Work order:
Please return the full listing word for word, leaving out any pictures.

Stored data:
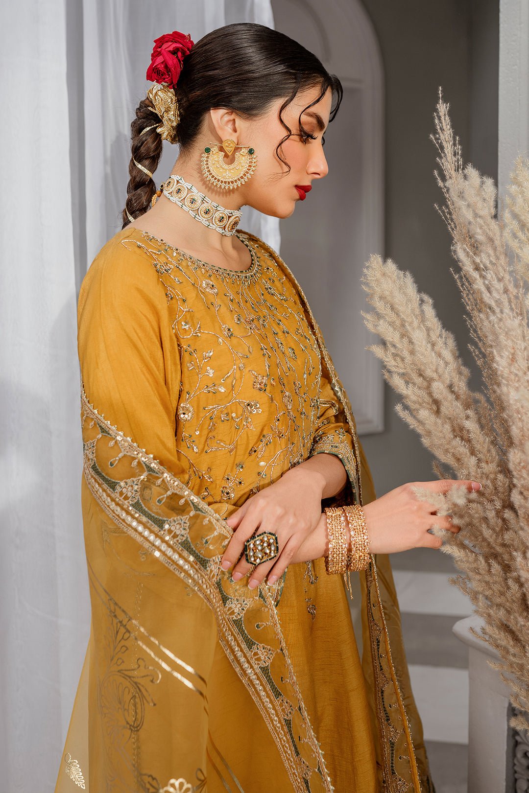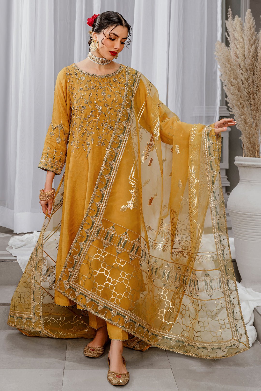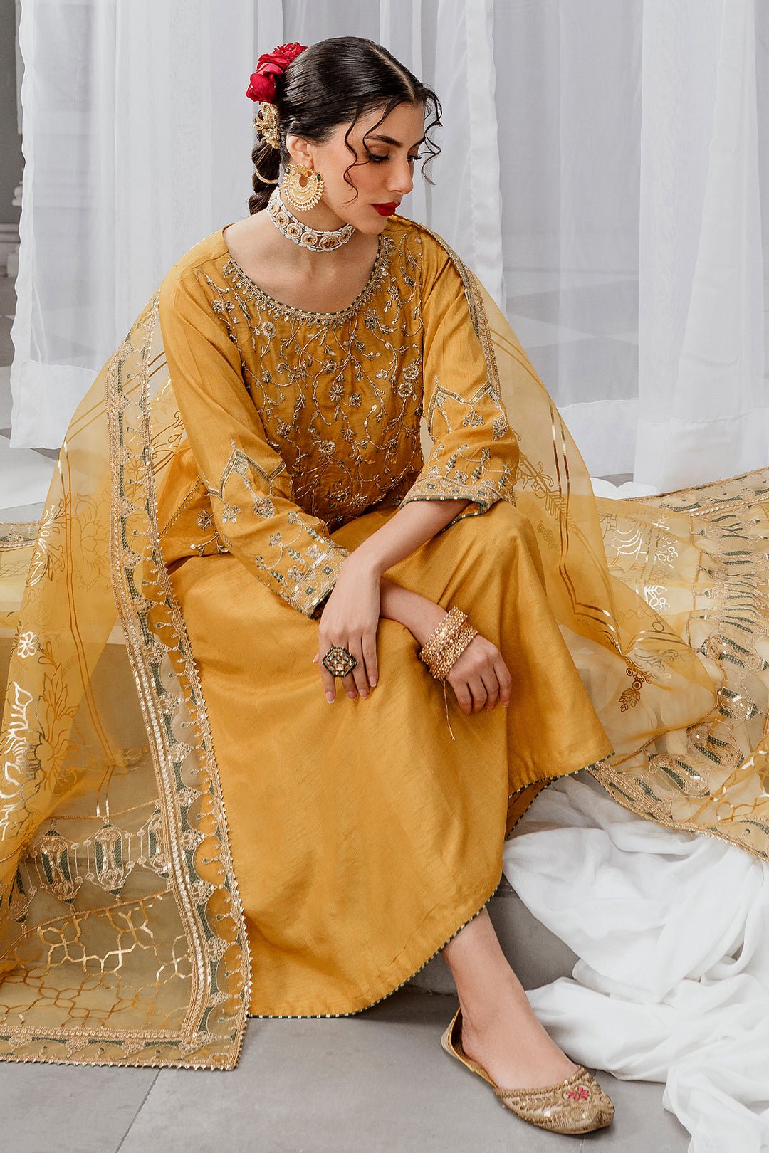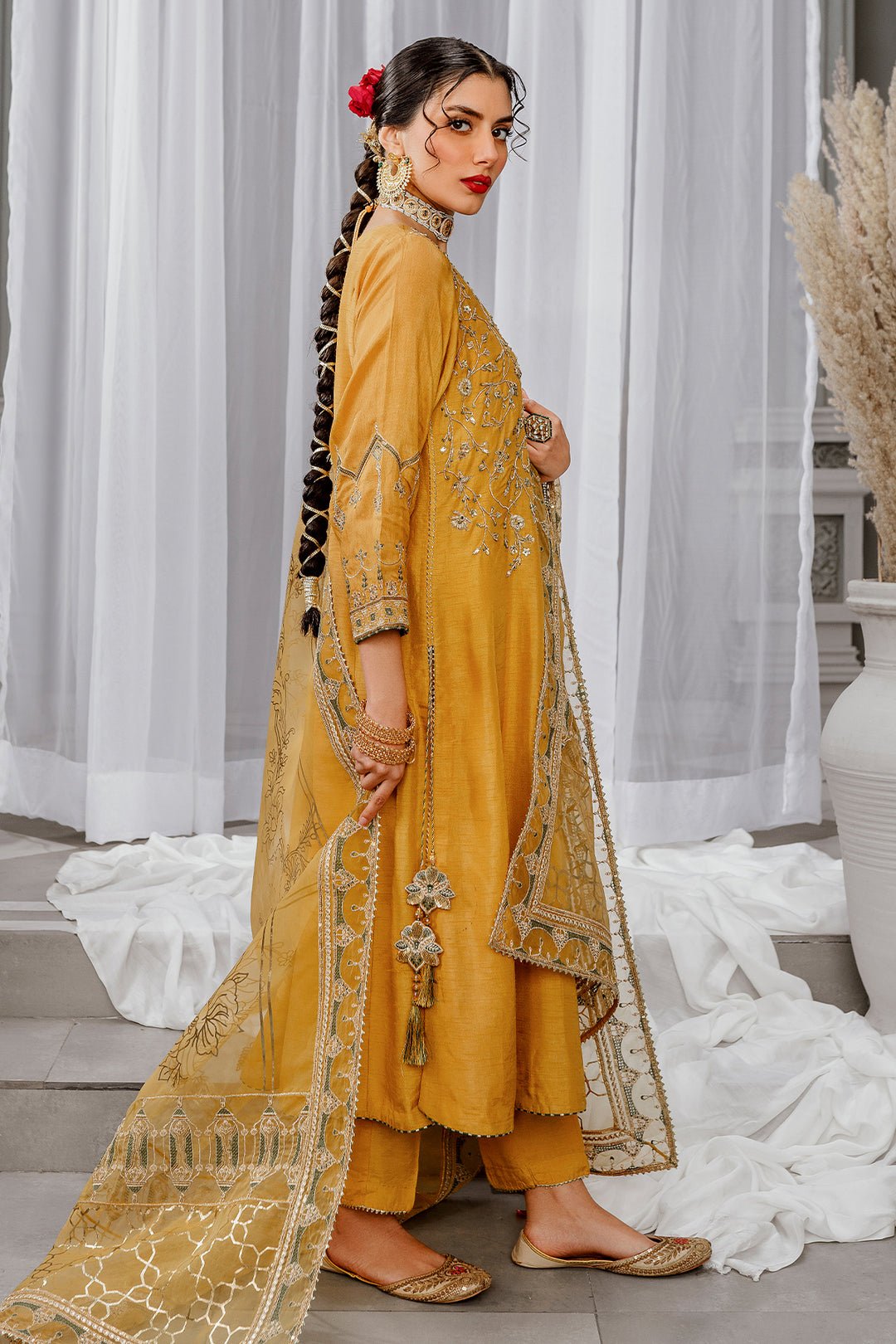 Marigold, a simplistic outfit in a mustard shade is crafted on raw silk. The artfully composed neckline, sleeves and hem features, golden embellishments, contrasting color embroidery and lace and tassel detailing. Combined with straight trousers finished off with samosa lace & organza dupatta enhanced with embroidery and sequin giving off quintessential vibes.
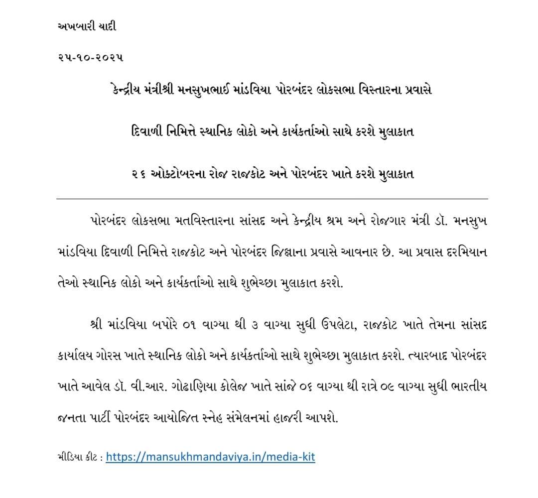 પોરબંદર લોકસભા મત વિસ્તારના સાંસદ અને ભારત સરકારના શ્રમ અને રોજગાર તથા રમતગમત અને યુવા બાબતના કેબિનેટ મંત્રી ડૉ. મનસુખ માંડવિયાના પ્રયાસોથી રાજકોટ અને દિલ્હી વચ્ચે એર ઇન્ડિયા અને ઇન્ડિગોની એમ કુલ બે નવી ફ્લાઈટ આવતીકાલે તા. 26/10/2025ના રોજ લાભ પાંચમના દિવસથી શરૂ થનાર છે.
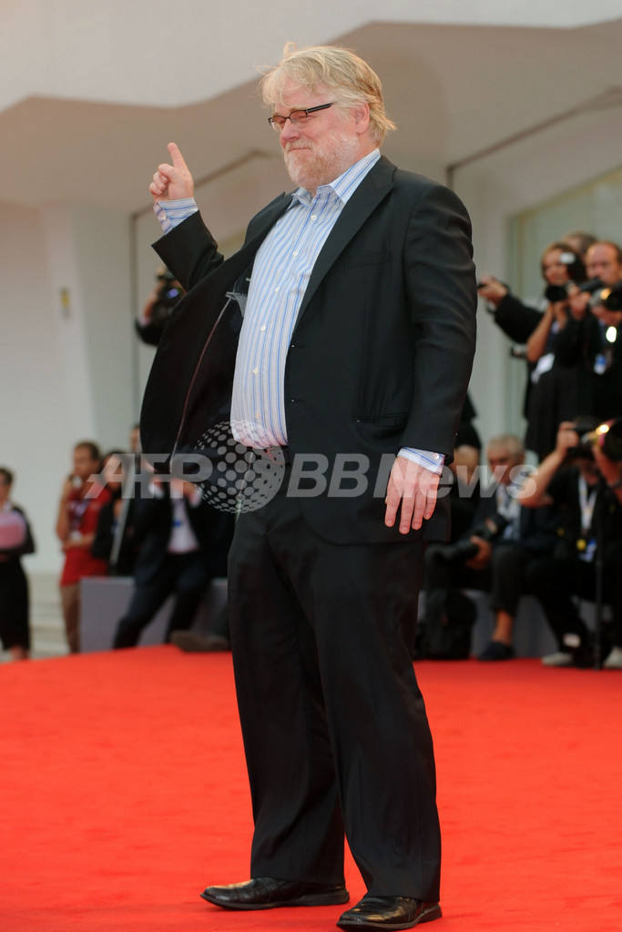 写真は、レッドカーペットに登場したホフマン(2012年9月1日撮影)。(c)AFP/TIZIANA FABI

Written reply:
 Marigold, a simplistic outfit in a mustard shade is crafted on raw silk. The artfully composed neckline, sleeves and hem features, golden embellishments, contrasting color embroidery and lace and tassel detailing. Combined with straight trousers finished off with samosa lace & organza dupatta enhanced with embroidery and sequin giving off quintessential vibes.
 પોરબંદર લોકસભા મત વિસ્તારના સાંસદ અને ભારત સરકારના શ્રમ અને રોજગાર તથા રમતગમત અને યુવા બાબતના કેબિનેટ મંત્રી ડૉ. મનસુખ માંડવિયાના પ્રયાસોથી રાજકોટ અને દિલ્હી વચ્ચે એર ઇન્ડિયા અને ઇન્ડિગોની એમ કુલ બે નવી ફ્લાઈટ આવતીકાલે તા. 26/10/2025ના રોજ લાભ પાંચમના દિવસથી શરૂ થનાર છે.
 写真は、レッドカーペットに登場したホフマン(2012年9月1日撮影)。(c)AFP/TIZIANA FABI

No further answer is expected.